WHAT THE TASK REQUIRES.
Reproduce each line below precisely. Drop the pictures.

GIVEN MATERIAL.

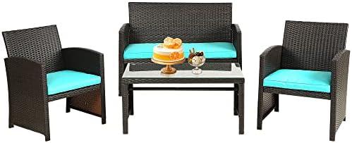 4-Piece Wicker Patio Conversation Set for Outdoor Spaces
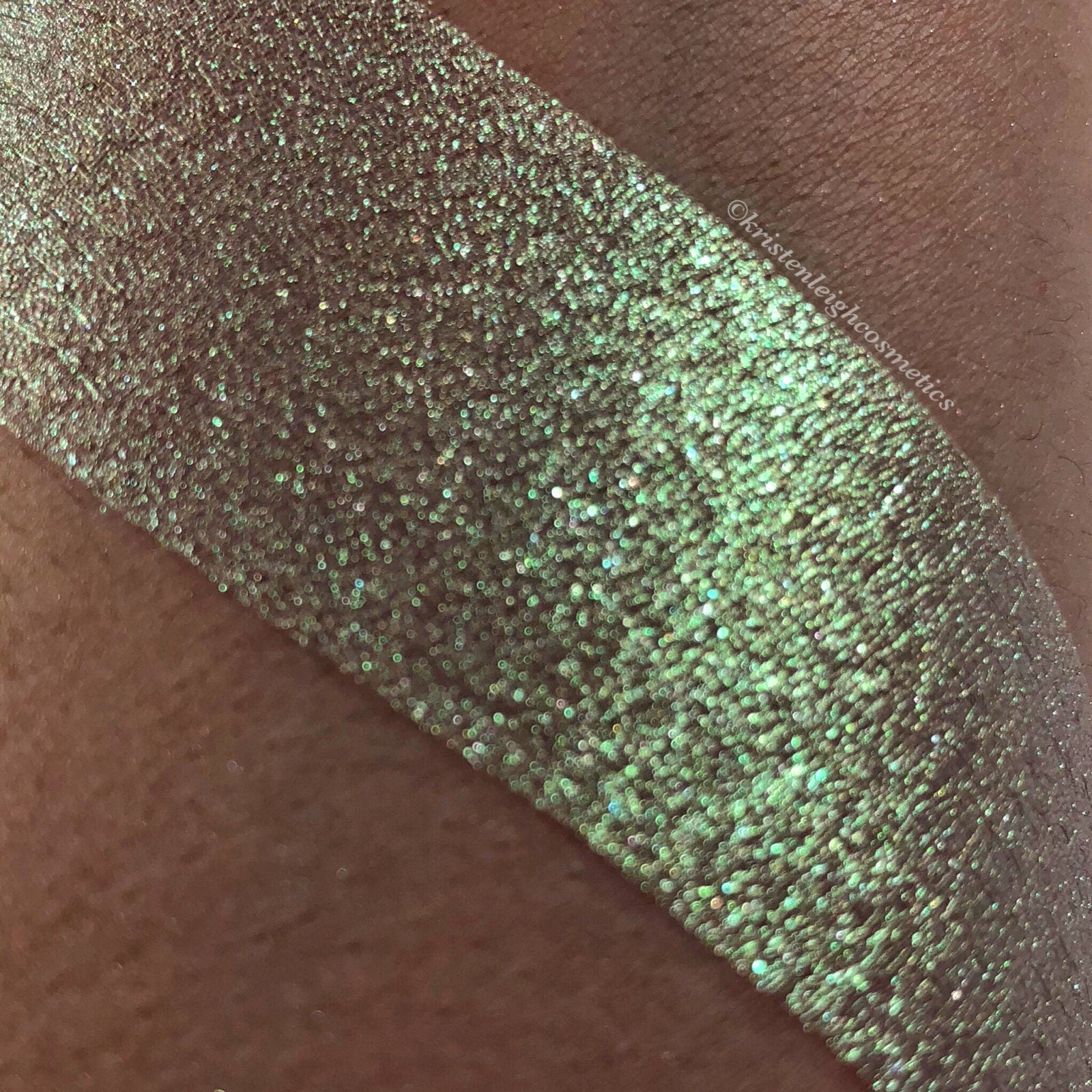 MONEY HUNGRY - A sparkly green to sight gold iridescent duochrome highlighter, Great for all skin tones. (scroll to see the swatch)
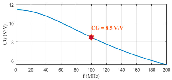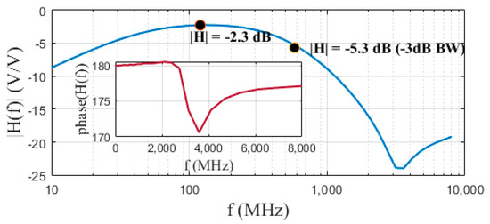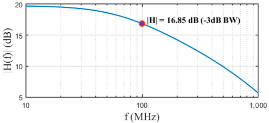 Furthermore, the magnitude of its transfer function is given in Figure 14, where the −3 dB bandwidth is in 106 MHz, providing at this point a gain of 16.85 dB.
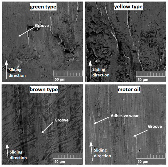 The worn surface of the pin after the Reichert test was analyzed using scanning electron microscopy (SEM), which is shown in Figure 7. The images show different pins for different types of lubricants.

WRITTEN ANSWER.
 4-Piece Wicker Patio Conversation Set for Outdoor Spaces
 MONEY HUNGRY - A sparkly green to sight gold iridescent duochrome highlighter, Great for all skin tones. (scroll to see the swatch)
 Furthermore, the magnitude of its transfer function is given in Figure 14, where the −3 dB bandwidth is in 106 MHz, providing at this point a gain of 16.85 dB.
 The worn surface of the pin after the Reichert test was analyzed using scanning electron microscopy (SEM), which is shown in Figure 7. The images show different pins for different types of lubricants.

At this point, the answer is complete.